All along, the breakaway republic’s 120,000-strong Armenian population has been deprived of basic essentials, including life-saving medication.

As a major regional power, with long-running ties of every conceivable kind with both Armenia and Azerbaijan, Iran has an obvious interest in resolving their long-simmering grievance once and for all, via peaceful means.

Yet, Tehran’s ability to do so was significantly curtailed by US and EU sanctions. When they were lifted in 2016, the Islamic Republic undertook to help end hostilities between the two neighbors. The reinstatement of sanctions two years later significantly sabotaged reconciliation efforts.

Tel Aviv was no doubt elated when the Trump administration reinstituted sanctions, for it specifically seeks to damage ties between Tehran and Baku for its own malign purposes.

In the words of former Israeli prime minister and president Shimon Perez, Zionists consider Azerbaijan “key in limiting Iran’s influence in the Greater Middle East.” 

Unlikely bedfellows

Israel and Azerbaijan are even more unlikely bedfellows than Tel Aviv and Tbilisi. Baku’s population is almost entirely Muslim, and majority Shia, therefore not well disposed towards Zionism. However, as the Carnegie Endowment for Peace has noted, “countering Iran through the formation of the periphery alliances…is perfectly built into Israeli strategic planning.”

This is achieved by ensuring Armenia and Azerbaijan remain combative and cementing a position as a vital source of weaponry for the latter in the dispute.

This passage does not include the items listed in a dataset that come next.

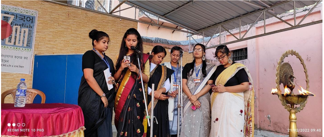
ছাত্রীদের সাংস্কৃতিক অনুষ্ঠান
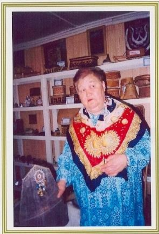
Учитель родного языка Корликовской школы.
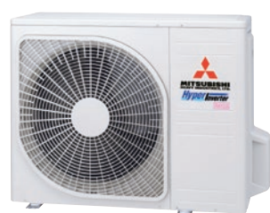
SRC40ZSX-S SRC50ZSX-S SRC60ZSX-S
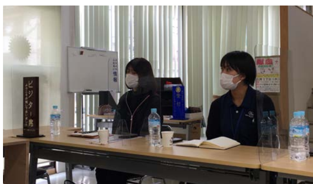
RYLA 研修生のお二人にお越しいただきました。
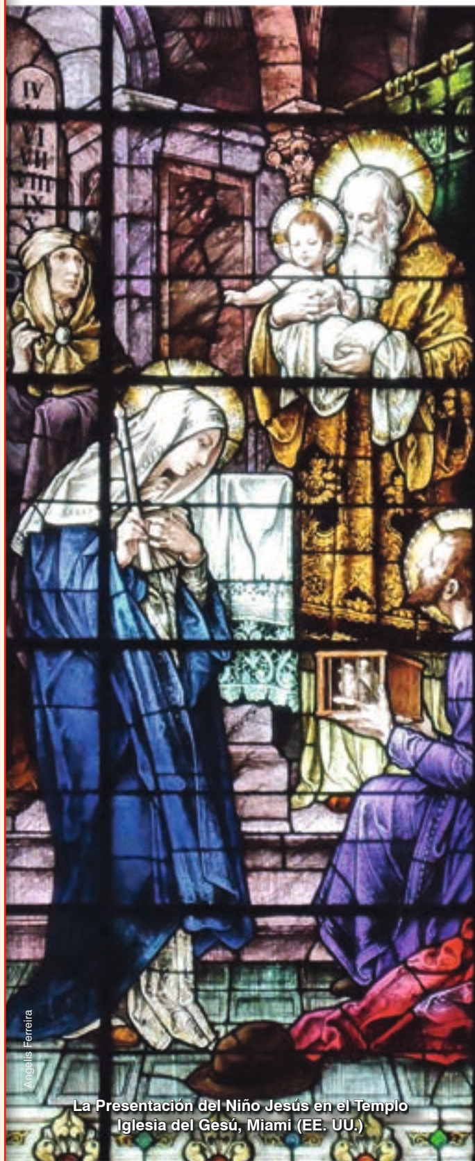
La Presentación del Niño Jesús en el Templo Iglesia del Gesú, Miami (EE. UU.)

39 Y, cuando cumplieron todo lo que prescribía la Ley del Señor, se volvieron a Galilea, a su ciudad de Nazaret. 40 El niño, por su parte, iba creciendo y robusteciéndose, lleno de sabiduría; y la gracia de Dios estaba con Él (Lc 2, 22-40).
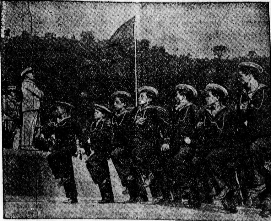
Az olasz tengerészcadetok tisztelgő díszmenete Mussolini előtt.
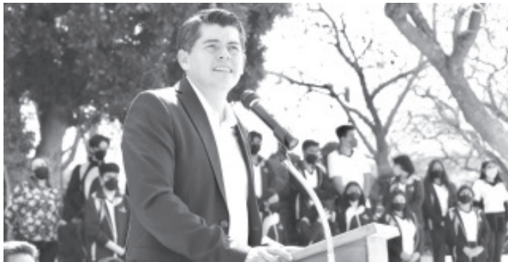
"Mantenemos nuestra decisión de impulsar la educación, como uno de los principales mecanismos para propiciar el desarrollo de nuestro municipio", indicó el alcalde.

El presidente Ixtláhuac, además de anunciar que su gobierno ayudará en las solicitudes planteadas para mejorar las instalaciones del plantel, entregó sanitizante y gel anti-bacterial, a fin de continuar mitigando los contagios por COVID-19.
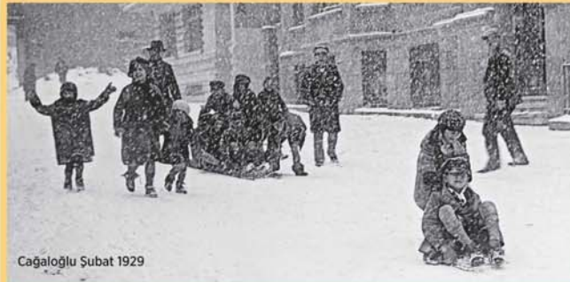
Çagağolu Şubat 1929
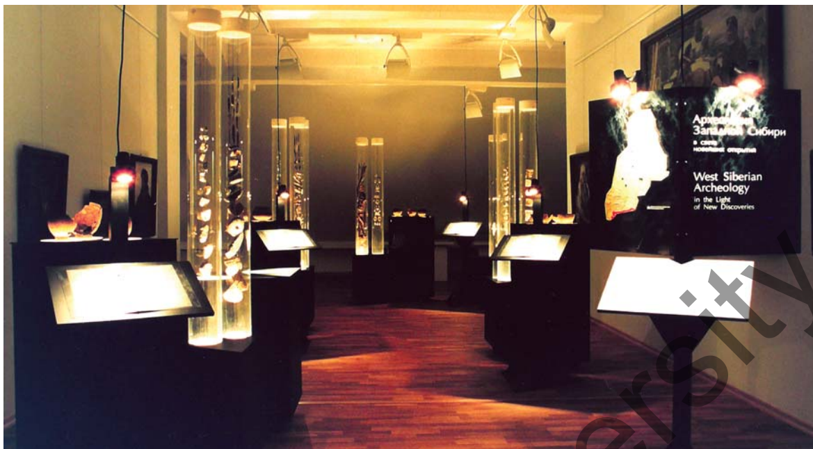
Выставка «Археология Западной Сибири в свете новейших открытий». Ханты-Мансийск, 2002 г.

К статье О. Н. Корочкиной и Э. Р. Усмановой
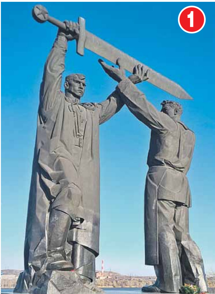
Положение фигур тоже имеет смысл. Рабочий обращен на восток, в сторону металлургического завода, а боец смотрит на запад, откуда пришла угроза Родине.
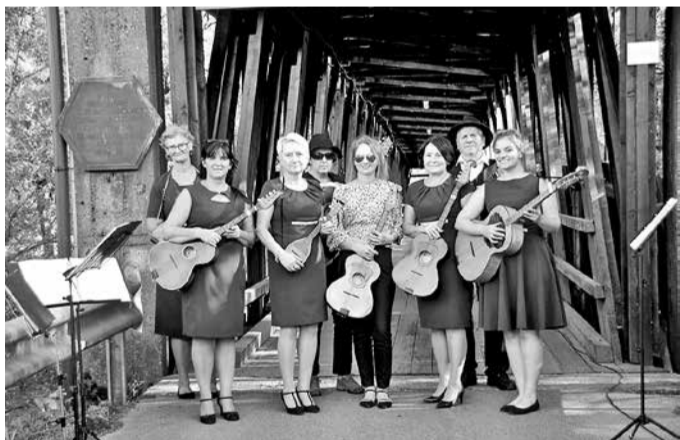
Tamburaški orkester senožeti
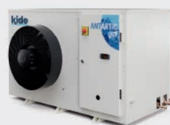
UNIDADES CONDENSADORAS CON CAPACIDAD FRIGORÍFICA VARIABLE CONDENSING UNITS WITH VARIABLE REFRIGERATION CAPACITY GROUPE DE CONDENSATION À PUISSANCE FRIGORIFIQUE VARIABLE ANTARTIC
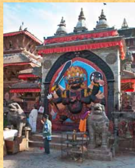
На фотографии: Один из многочисленных богов Непала.

улицы Катманду, я вначале растерялась. На одном перекрёстке пыльных дорог встретились древность и цивилизация. Несколько минут ушло на то, чтобы адаптироваться к узким улицам шумного города. Высоко в небо устремлялись здания, построенные более тысячи лет назад. Дело в том, что Катманду уже перевалило за 1,600 лет. Узкие до невозможности улицы были настолько переполнены: торговцами сладостями, одеждой, всевозможной утварью, божками, благовоениями и при этом ещё - тысячи спящих туда и сюда людей, что-то покупающих, поклоняющихся и просто стоящих в застывших позах. Весь этот колорит дополняли рикши и редкие мотоциклисты. Протискиваясь сквозь толпу, более всего нам хотелось запечатлеть жизнь кипящего города, но при этом избежать чтобы кто-то «освятит» нас своими благовоениями, которые воскуряются в городе непрерывно. Движущаяся живая масса вывела нас на площадь, которая как оказалось впоследствии была храмовая, где нам сразу бросилось в глаза что здесь не было суеты и торговли. Люди сидели и ходили тихо, чинно: многие просто медитировали, устремляя руки и взор к небу. Не успели мы ступить на храмовую территорию, как к нам проворно подскочили гуру и всевозможные «святые», пытаясь освятить нас своими благовоениями, но увидев нашу реакцию (я начала громко молиться), они обошли нас стороной. Идя по площади мне было очень больно
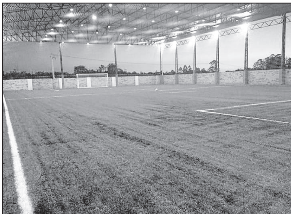
Quadra de gramado sintético

As inscrições para a competição já estão abertas e as vagas são limitadas. Os interessados em participar do campeonato devem entrar em contato pelos números (51) 9610-8992 ou (51) 9900-4818. O valor da inscrição para a categoria Master é R$ 1.300,00 por equipe. No Força Livre o valor é de R$ 2.600,00 por equipe.
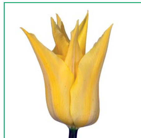
Tulipa ' Florijn Chic '

Tulipa ' Final Move ' (Dubbele Late Groep) Edibulbcode: 81412 Mutant van: 'Final Star' Registrant: Fa. P. Boon & Zn., Venhuizen. Samenvatting: bruinpaars 186B, oranjebruin 31B gerand. Winner: Fa. P. Boon & Zn., Venhuizen.
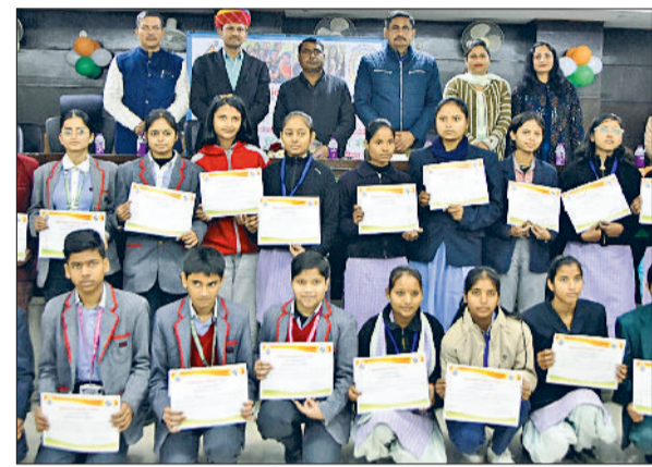
पानीपत। राष्ट्रीय मतदान दिवस समारोह में पुरस्कृत विद्यार्थी आदि।
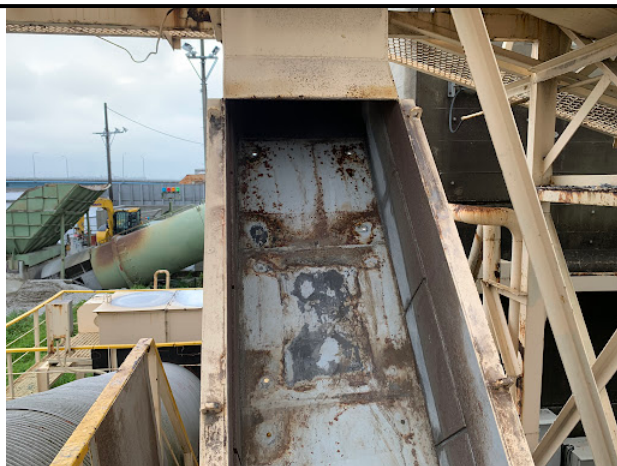
取り付け前 清掃後
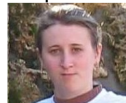
SOFICA CIOSA Gimnazija "Eftimie Murgu" Bozovic
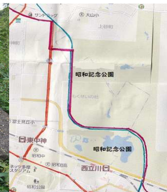
多摩大橋通りから青梅線を渡るまで
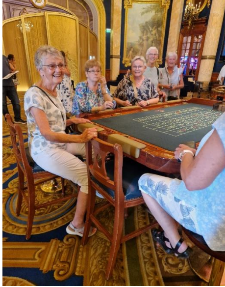
Bilde fra Casino
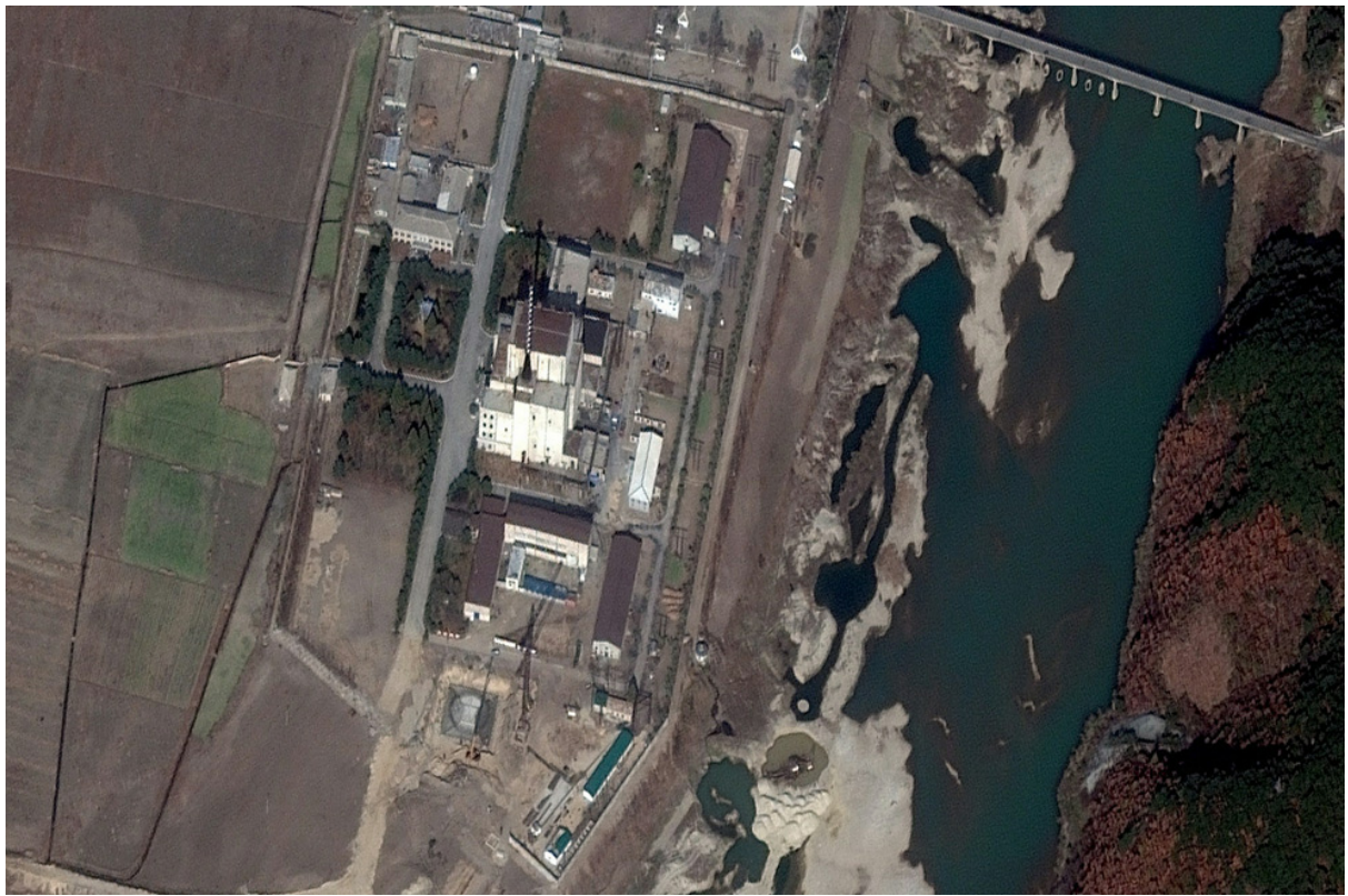
Снимок строительства ядерного комплекса в Северной Корее со спутника. Северная Корея представила новый завод по обогащению урана с 2000 центрифугами, и это вызвало опасения у мирового сообщества. США обвинили Северную Корею в несоблюдении санкций ООН и в том, что она ищет способы вывести из равновесия весь регион.
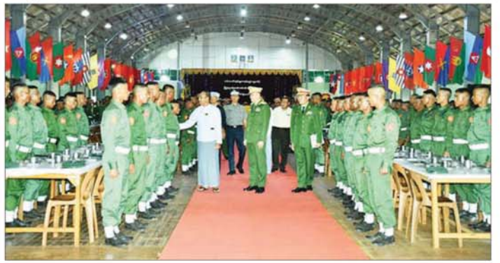
ဟိုပုံးတပ်နယ်နှင့် ဗထူးတပ်နယ်တို့ရှိ ပြည်သူ့စစ်မှုထမ်းသင်တန်းအမှတ်စဉ်(၁၁)သင်တန်းဆင်းပွဲ အခမ်းအနားတွင် ရှမ်းပြည်နယ်ဝန်ကြီးချုပ် ဦးအောင်အောင်နှင့် အရှေ့ပိုင်းတိုင်းစစ်ဌာနချုပ် တိုင်းမှူး ဝိုလ်ချုပ် ဇော်မင်းလတ်တို့က ရင်းရင်းနှီးနှီးလိုက်လံနှုတ်ဆက်စဉ်။
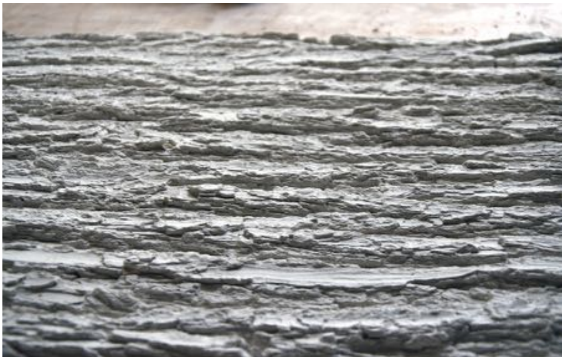
Détail d'un moule du projet Matrice .
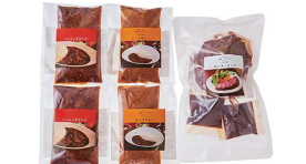
・ローストビーフ300g・デミグラスソース30g×2 ・ビーフカレー200g×2・ハッシュドビーフ200g×2
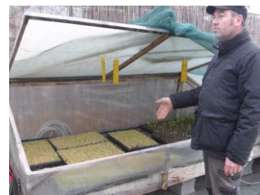
Semis en châssis.
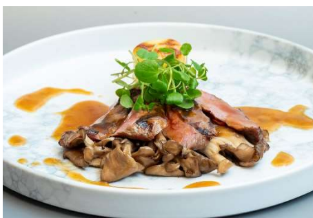
千葉県産せんば牛ロースの網焼き 長生ファームの舞茸とドフィノワーズポテト添え
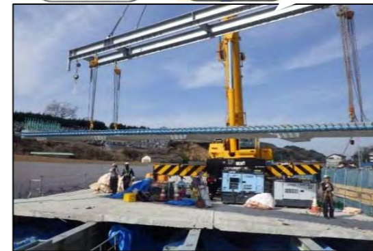
・新しいコンクリート床版の設置状況
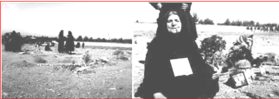
گۆری به کۆمه‌ڵی شه‌هیدانی ساڵی ۶۷- خ ————— اوهران
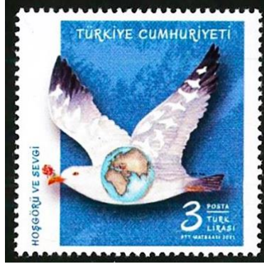
Şekil 7: Hoşgörü ve Sevgi, Nurgül Özkeser, 2021, 38 x 38 mm.

Posta ücretlerinin ödenmesi amacıyla fazla sayıda bastırılan pullardır (Filateli, 2016).
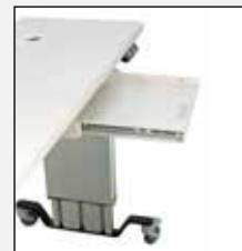
Option Tastaturauszug Option, key board drawer
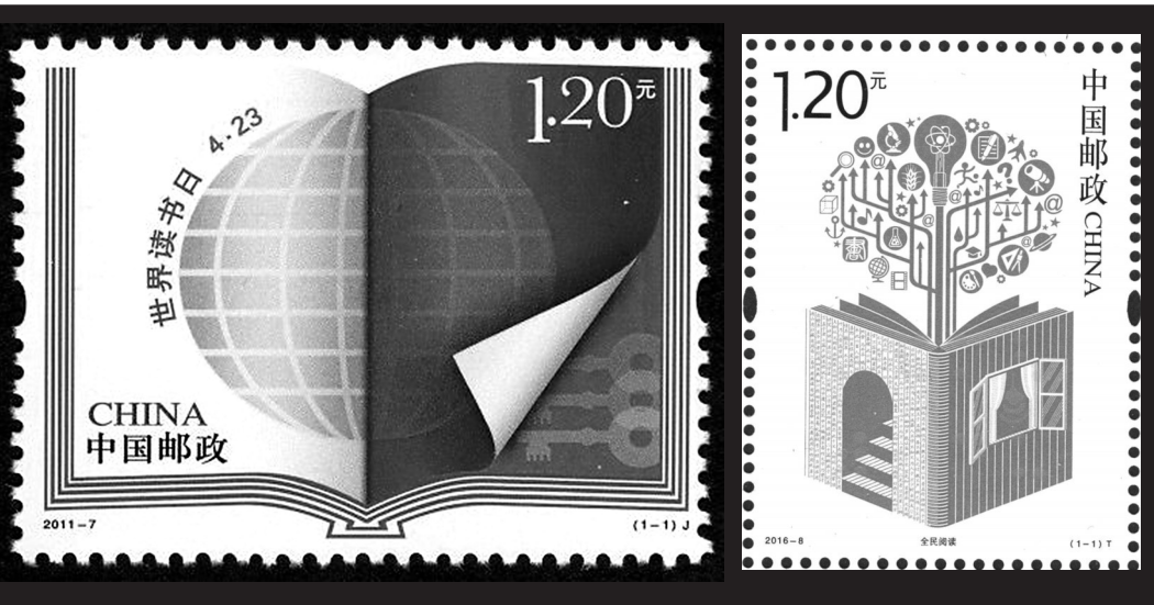
《世界读书日》纪念邮票。

《全民阅读》邮票主图是一本立起翻开的书籍,上部由一组向四面八方延展的线条,组成抽象的树状图形,树枝上结满了各种果实,显示知识带给人们的种种益处。书的左侧是一扇通向知识的大门,围绕阶梯微缩印制了《三字经》的部分内容。右侧是打开的窗户,表示通过读书,开启智慧之窗。邮票画面中印有“全民阅读”四字的盲文,展现了“阅读无障碍”的一个不能少的理念。邮票展现的内涵十分丰富,思想性和知识性都很强,极有欣赏价值和收藏价值。
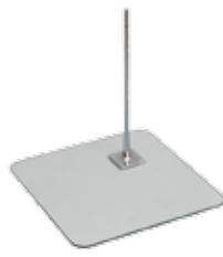
ガラスベース ストレート W40.0/D40.0
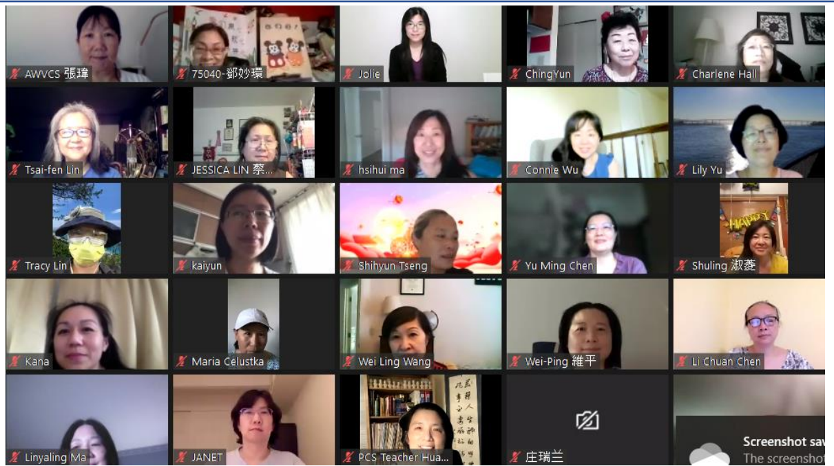
參與培訓的老師們(二)
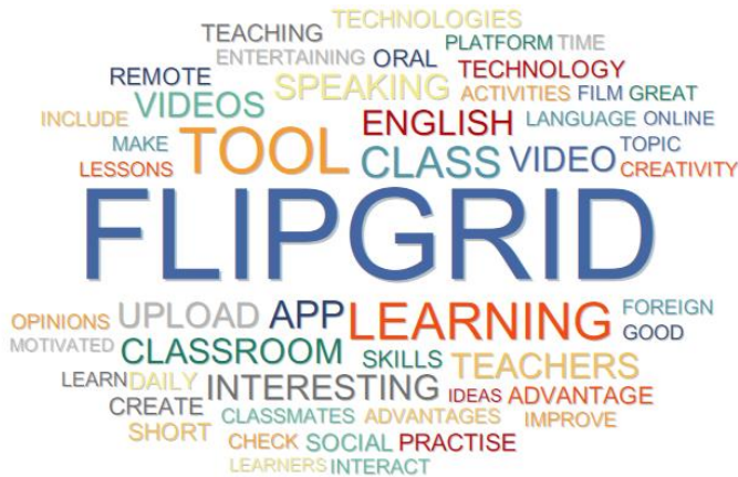
Figura 1. Nube de palabras de las respuestas sobre las ventajas de Flipgrid.

En las figuras 1 y 2 pueden observarse las nubes de ideas de las respuestas sobre los aspectos positivos y negativos de Flipgrid. En la Figura 1 (ventajas) los términos más frecuentes son Flipgrid, tool, learning, class, app, classroom, English, videos, interesting y speaking. En la Figura 2 (limitaciones) las palabras más repetidas son students, app, bit, disadvantage, slow, tool, video, videos, feel, classroom y shy.
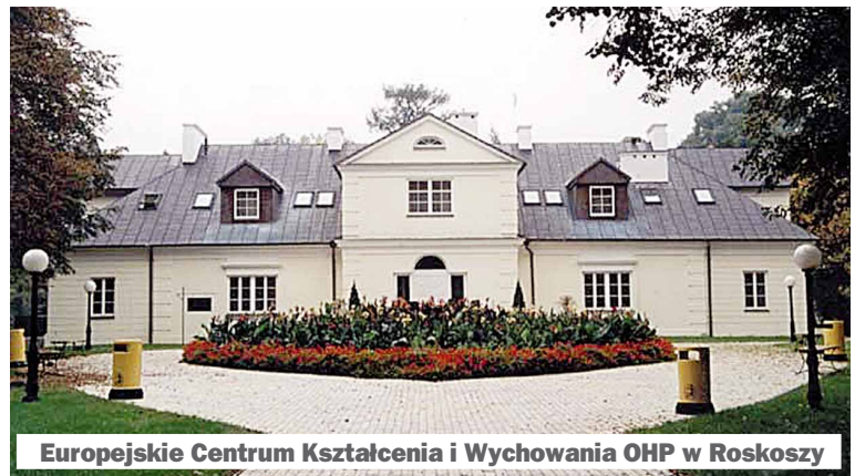
Europejskie Centrum Kształcenia i Wychowania OHP w Roskoszy

Uczniowie wszystkich białskich szkół, kończących się maturą, mogą przygotowywać się do egzaminu maturalnego na zajęciach pozalekcyjnych, tzw. „korepetycjach od prezydenta”. Tysiąc godzin zajęć zostało rozdzielonych proporcjonalnie między szkoły. Dziś pozostaje tylko się uczyć, tak więc: POŁAMANIA PIÓR!
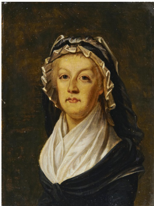
Kucharski Alexandre (1741-1819)

Née le 2 novembre 1755, exécutée le 16 octobre 1793 à l'âge de 37 ans

Zionist-made armaments proved pivotal in the brief April 2016 war between Armenia and Azerbaijan, with the latter using suicide drones and anti-tank missiles made in Tel Aviv to decisively repel its opponent’s advance.

Subsequently, Baku was reportedly so impressed with this performance that it wished to purchase a version of Israel’s ‘Iron Dome’, the sale of which was completed in May 2021.

Tbilisi has historically had complicated relations with Yerevan, but never less than close and cordial ties with Baku. Former Georgian President Mikheil Saakashvili once boldly declared, “Whoever opposes Azerbaijan or Georgia is an enemy of both our countries.”

By exacerbating the dispute between Armenia and Azerbaijan, Israel pushes Azerbaijan and Georgia closer together, and Armenia and Georgia further apart - and the resultantly heightened risk of conflict between these states reinforces Tel Aviv’s utility and necessity as a security provider.

In the process, the Zionist entity cultivates potential allies and accomplices in the event it is sufficiently foolhardy as to attempt to fulfill the fantasy of successive administrations in Tel Aviv – striking at the soil of the Islamic Republic.

Georgians would be wise to look beyond the diplomatic niceties and beaming smiles of their foreign minister, and ask what mephitic objectives are served by their country’s eager embrace of the Israeli regime, and its strategy of ethnically cleansing the indigenous Palestinian people.

Kit Klarenberg is an investigative journalist exploring the role of intelligence services in shaping politics and perceptions.  

(The views expressed in this article do not necessarily reflect those of Press TV.)